Sildenafil therapy in dismal prognosis early-onset intrauterine growth restriction

ISRCTN ISRCTN39133303
DOI https://doi.org/10.1186/ISRCTN39133303
EudraCT/CTIS number 2013-005398-32
Secondary identifying numbers 16986
Submission date
31/07/2014
Registration date
31/07/2014
Last edited
03/09/2018
Recruitment status
No longer recruiting
Overall study status
Completed
Condition category
Pregnancy and Childbirth
Prospectively registered
Protocol
Statistical analysis plan
Results
Individual participant data

Plain English Summary

Background and study aims
Failure to thrive before birth, also known as intrauterine fetal growth restriction (IUGR), can occur due to a variety of causes. However, the main problem is when fetal growth slows down, or stops altogether, because of a poorly functioning placenta. In a healthy pregnancy, placental cells (trophoblasts) invade the lining (endothelium) of the mother’s uterine blood vessels. Normally, this ‘trophoblast invasion’ should be complete early in pregnancy to enable maternal blood to flow easily to the developing placenta. In IUGR pregnancies, the ‘trophoblast invasion’ is less effective and this leads to damage of the developing placenta and abnormally slow fetal growth. The earlier this occurs, the more difficult and challenging the treatment options are, including very early preterm birth by caesarean section. Extremely premature babies with low birth weight may suffer from long-term complications. Not only is their early life more traumatic, but there is also increasing evidence that the impact of being within a less nourishing uterus environment persists beyond infancy into adulthood. Fetal growth restriction has been linked with an increased risk of a wide variety of adult diseases which include heart disease and diabetes. Sildenafil citrate (Viagra®) causes the blood vessels supplying the uterus and placenta to relax. This relaxation increases blood flow through the placenta and leads to improved fetal weight gain. Sildenafil has been found to be safe in both pregnant and non-pregnant women and has been used for many years for the treatment of newborns with lung disease. These features suggest that it has the potential to offer a unique treatment for IUGR - a currently untreatable fetal disease.

Who can participate?
Women whose unborn children are failing to thrive due to the poor blood supply to the placenta.

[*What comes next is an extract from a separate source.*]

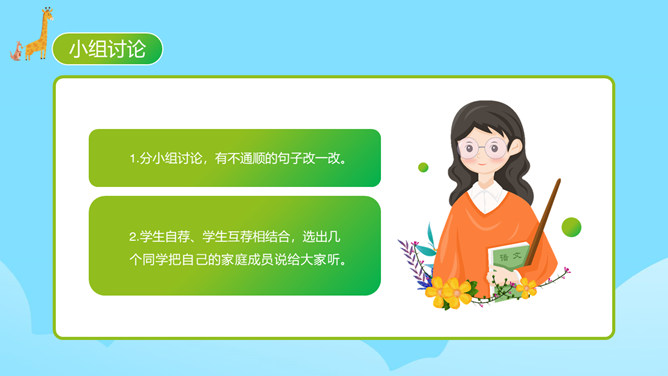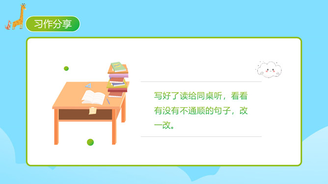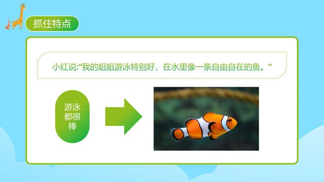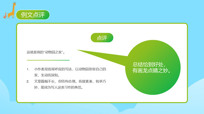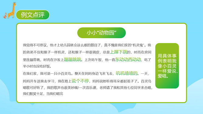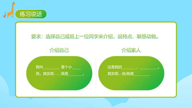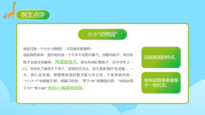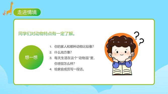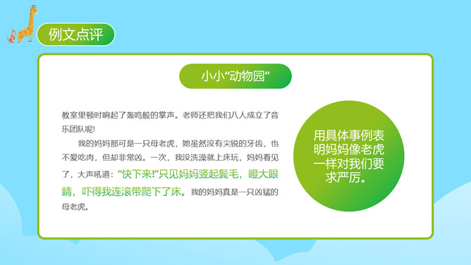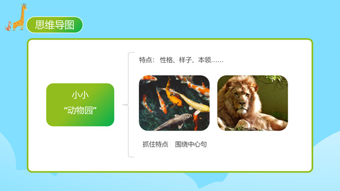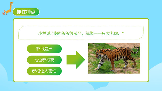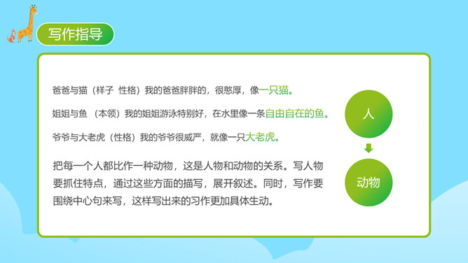 每个人都有自己喜欢的动物,大家来猜猜是什么动物。同学们对动物特点有一定了解。你的家人和哪种动物比较像?什么地方像?每天生活在这个“动物园”里,你感觉怎么样?给家庭成员写一段话。 把每一个人都比作一种动物,这是人物和动物的关系。写人物要抓住特点,通过这些方面的描写,展开叙述。同时,写作要围绕中心句来写,这样写出来的习作更加具体生动。爷爷与大老虎(性格)我的爷爷很威严,就像一只大老虎。所属专题:小小动物园ppt。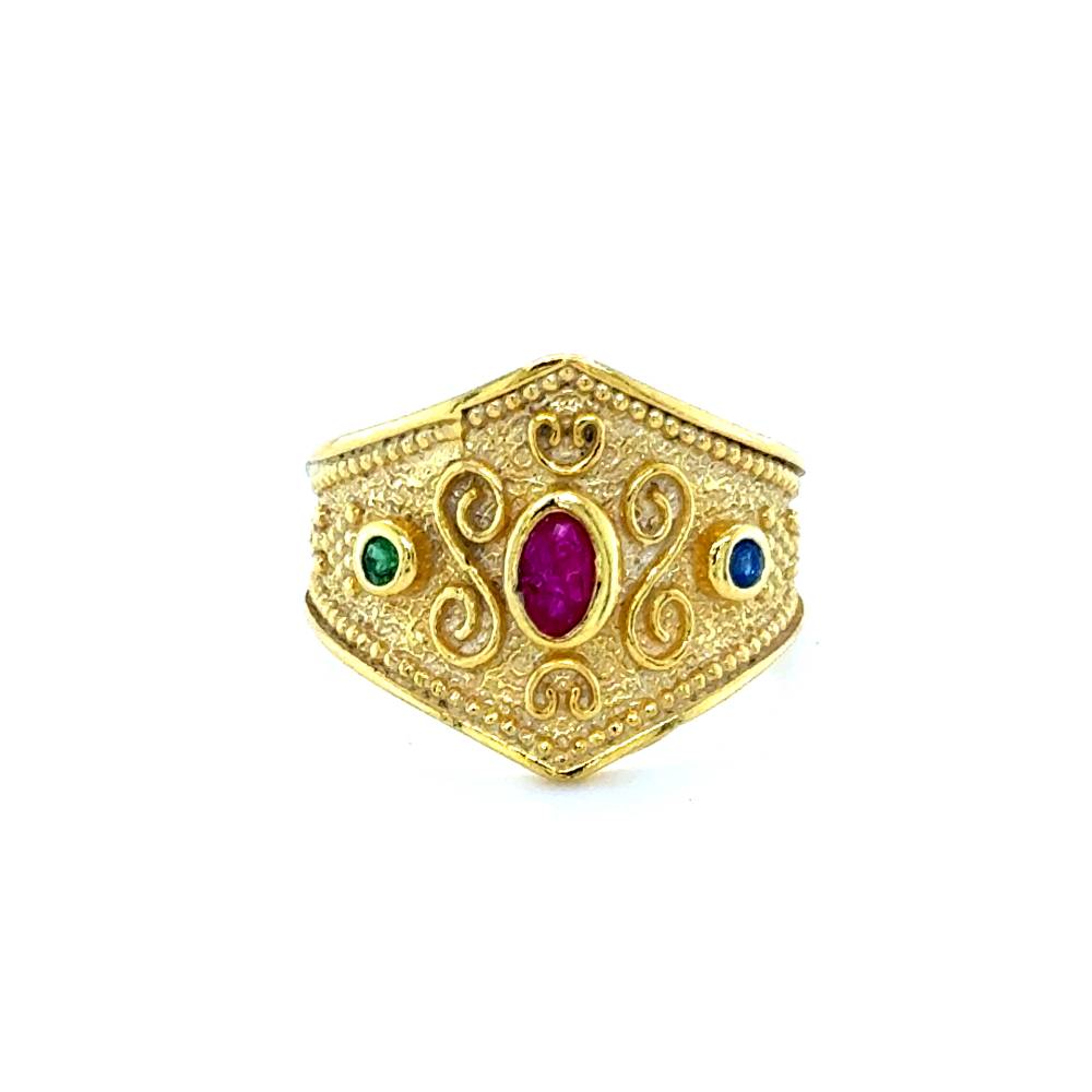 A Byzantine ring with red, green and blue zircon, made of silver (925°) gold plated.

What does the study involve?
Once the patient has agreed to take part and signed the consent form, they will be given medication to take (by mouth) three times a day, from the time they start the study until they reach 32 weeks pregnancy or the baby is born. The patient won’t know whether they are taking sildenafil or the placebo (dummy), and neither will the doctor or pharmacist. In addition to the patients’ regular ultrasound scans the patient will have extra blood tests and more detailed monitoring of their blood pressure. This will be carried out by the hospital doctors or research midwives. Detailed blood pressure monitoring will involve placing a Velcro cuff on the patient’s wrist and arm. In some hospitals as part of the study extra monitoring of the patients’ heart will be carried out. This will depend on the hospital having the appropriate equipment. Heart monitoring is a painless, non-invasive procedure where four stickers are placed on the skin of the patient’s chest to record the signal from the heart – very similar to routine ECG heart monitoring done in the GP practices. The research team will try to complete these tests during the patients’ stay in the hospital or during the patient’s regular hospital appointments, if the patient is monitored from home. Appointments may take a little longer than normal to complete. Patients will also be asked to donate their placenta after the baby is born to study in the laboratory; the placenta is no longer required by the baby and is normally disposed of after birth. If the patient wishes to keep the placenta, it will not be collected.

What are the possible benefits and risks of participating?
We hope that the results of the study overall will show us whether sildenafil helps pregnancies affected by severe IUGR. If our results show it does, we will be able to use this knowledge to improve the care for affected women and their babies. It is possible that sildenafil may not work in the way we intended. This is also very important so we can focus our future efforts on other possible treatments, but they will be tested in the same way we are testing sildenafil. Blood sampling will be carried out by someone who is skilled in taking blood. The patient may have some bruising at the site of blood collection, but this will go after a few days. The studies of sildenafil in animals, non-pregnant adults, pregnant women and unborn babies have not shown harmful effects. Like all medicines, it is not possible to say that sildenafil is 100% safe, but based on what is known it is unlikely that the use of sildenafil in pregnancy will harm the patient or the baby. We know that people receiving sildenafil can have some short-lasting side effects like headache, flushing, blurred vision and indigestion. Sildenafil can cross the placenta and babies may be at risk for some of these side effects which are not permanent. At present we do not know whether these side effects are relevant to a fetus or how they compare to any discomfort experienced by a baby with IUGR. Sildenafil has been used in pregnant women and premature babies previously but none of these side effects have been reported in babies. The long-term consequences, positive or negative, of exposure to sildenafil before birth are not known. This is why we plan to follow the babies after they are born. We will stop the trial medication at 32 weeks and babies born before 32 weeks will not be given the study medication after birth. We do not know the effects of stopping sildenafil that has been given to a fetus, but we will monitor all pregnancies that continue beyond 32 weeks and examine carefully any babies born before 32 weeks.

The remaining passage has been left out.